My ears pricked up late in “Early in the Moaning’ Time” on The Word’s Soul Food. Late in the song, sacred steel player Robert Randolph simulates moaning on his steel guitar’s bass strings. The sound is odd and haunting, something found on an early Moog synthesizer album that demonstrated all the weird, not-of-this-world sounds it could make (Check Hugo Montenegro’s Mr. Groovy), and it caught my attention because it’s rare on sacred steel projects. Sacred steel guitarists—Randolph included—have that inspirational, ascending sweep toward high notes grooved. Muddling around bass notes is not usually part of their gospel.

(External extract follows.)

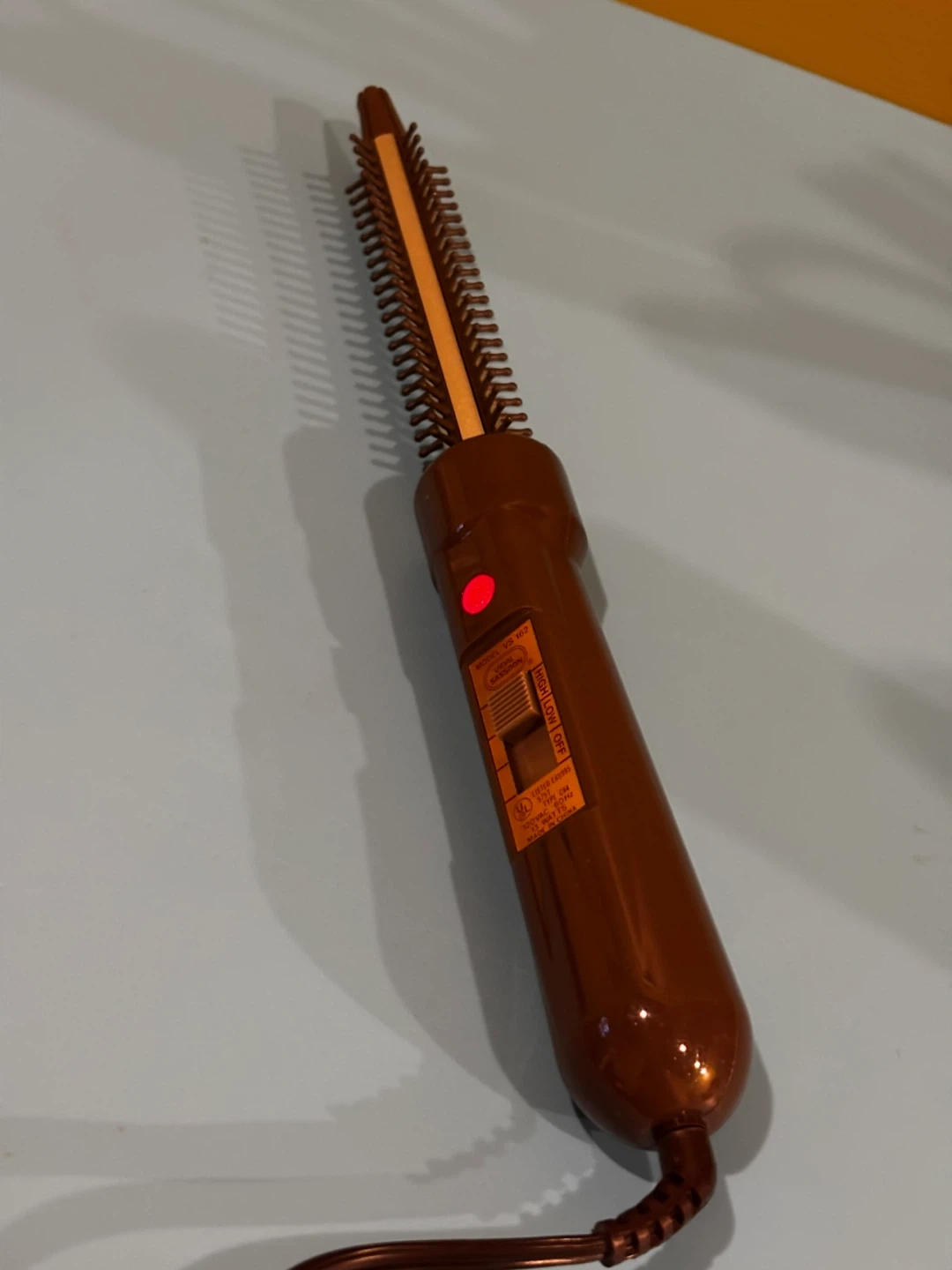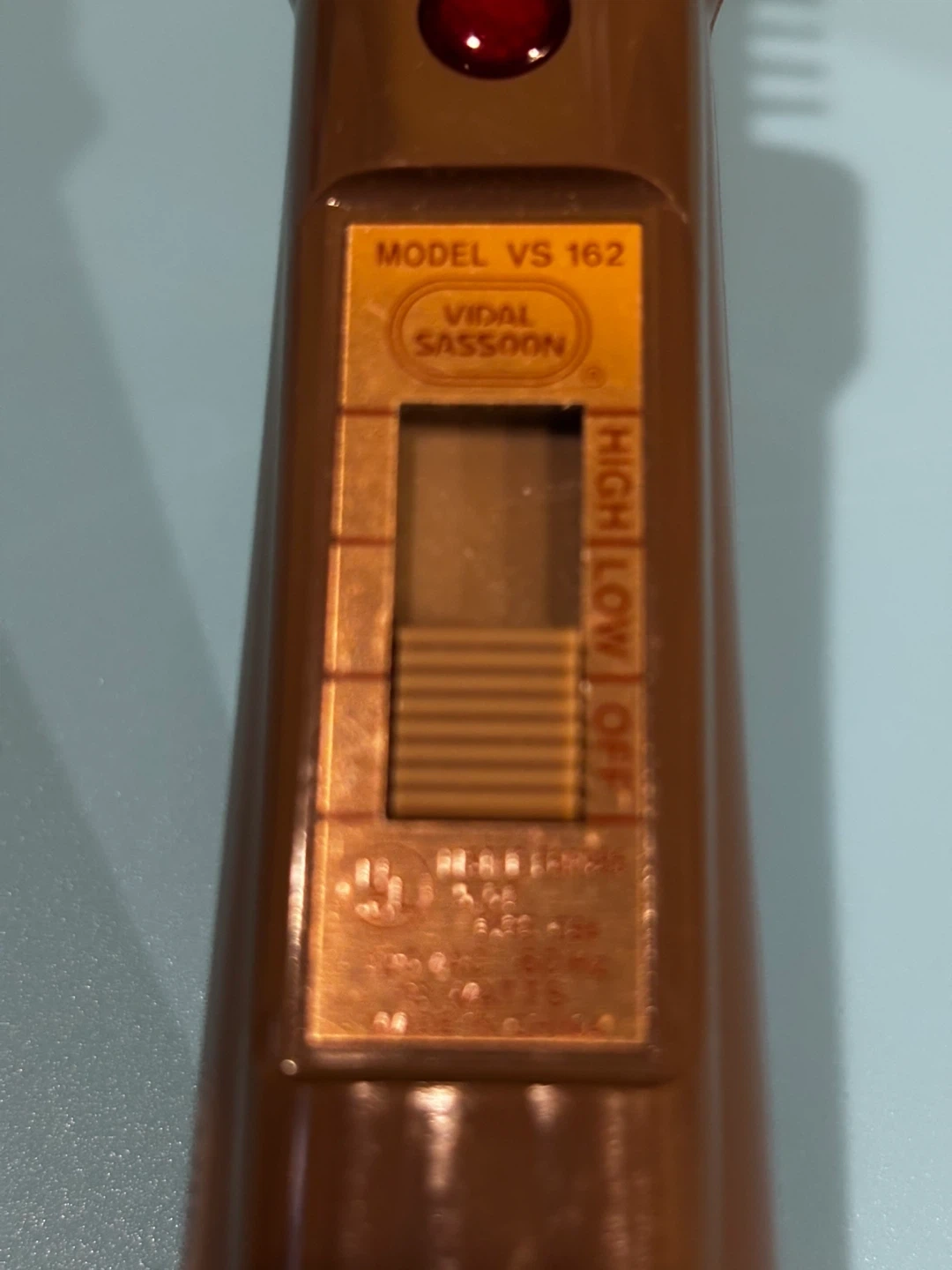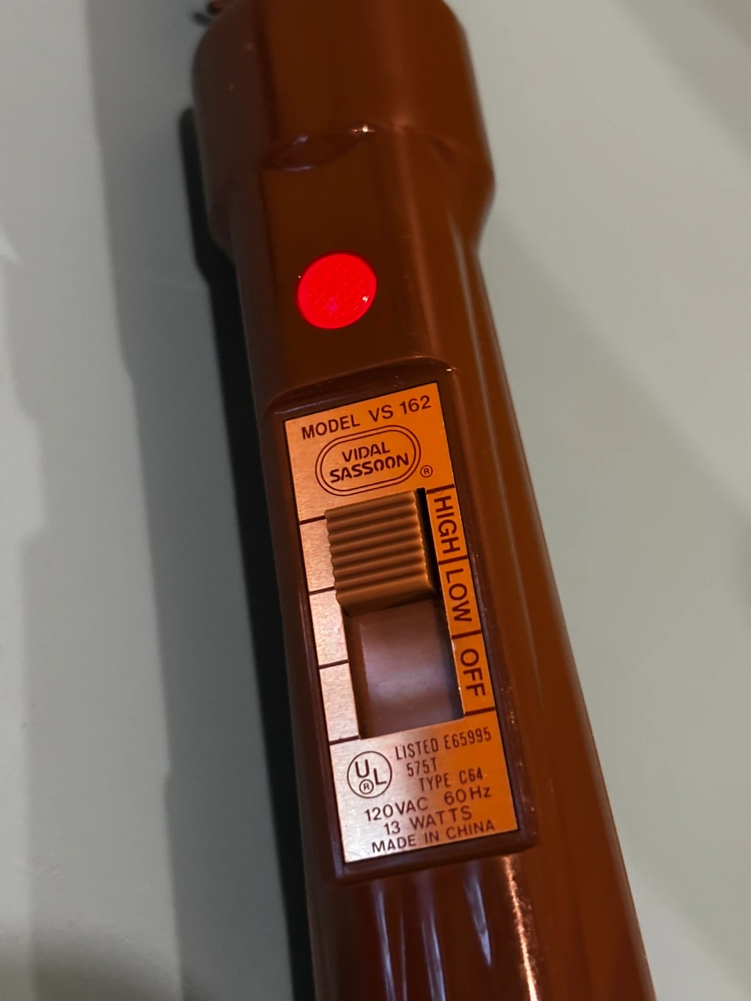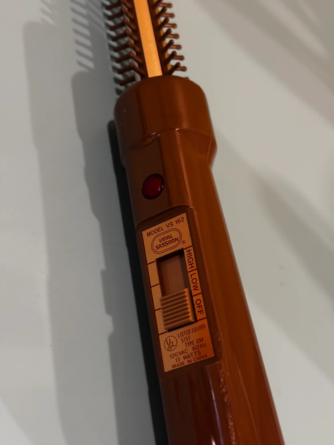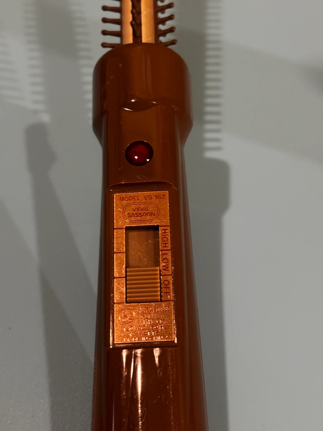 Vidal Sassoon VS 162 model hot air brush. Features high, low, and off settings. 120VAC, 60Hz, 13 Watts.

Moments like that and the wobbly, faltering melody he picks out for “The Highest” give Soul Food not lift—it has plenty of that—but distinction. You can have a band with John Medeski and Luther and Cody Dickinson, Randolph’s tendency toward the musical and spiritual rave-up means the album often sounds familiar. 

The Word play Jazz Fest's Acura Stage today at 2:30 p.m., and not surprisingly, the album is generally Randolph and Luther Dickinson’s baby. Medeski doesn’t define a song until “Speaking in Tongues” late in the album, when he patiently lets the magic of each texture as well as each note happen. 

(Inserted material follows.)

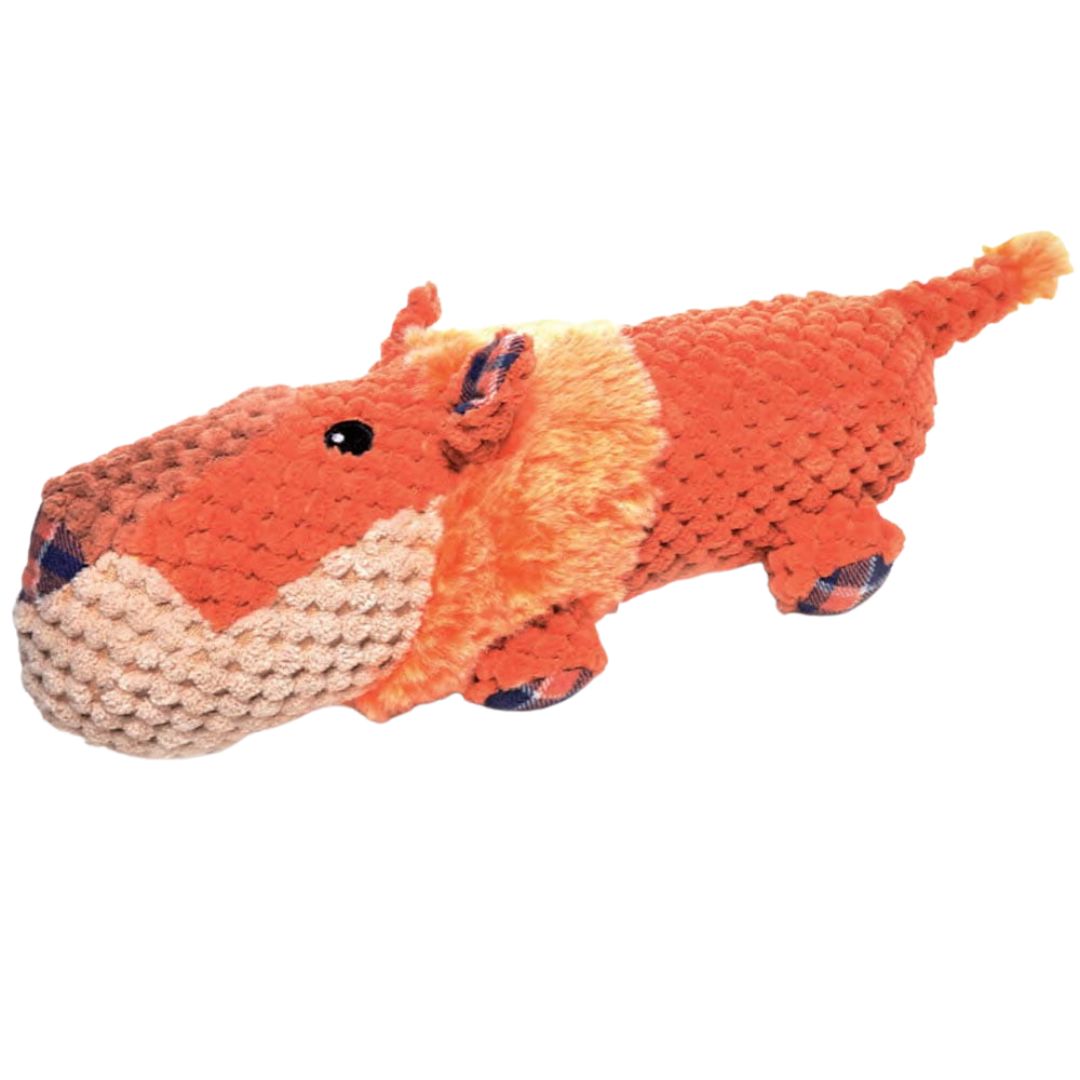 Narancs színű, henger alakú, puha mikroplüssből készült, mókás oroszlán formájú játék, kifejezetten kutyák számára. A FAT BOYS Plüss Oroszlán belsejében beépített sípoló párna található. Minden részén puha és laza elemeket (fülek, karok, lábak) tartalmaz, játékra bátorítva kedvenced.

His track and the weird bass notes stand out because otherwise, Soul Food is all about excitement—the stomping gospel rhythms, the uplifting melodic movement, and the sonic energy that comes with the distortion on his and Dickinson’s guitars. Both remain abuzz with electricity from start to finish. Not surprisingly, the band plays remarkably and sensitively together, with Dickinson’s guitar often subtly nudging Randolph forward or adding accents that sound like nothing, except they aren’t. When he sets the table as on “Play All Day,” The Word gets out of the church but the central dynamics remain the same. 

It’s not ground-breaking, but for those who find the Spirit yearly in Jazz Fest’s Gospel Tent, Soul Food hits the sweet spot.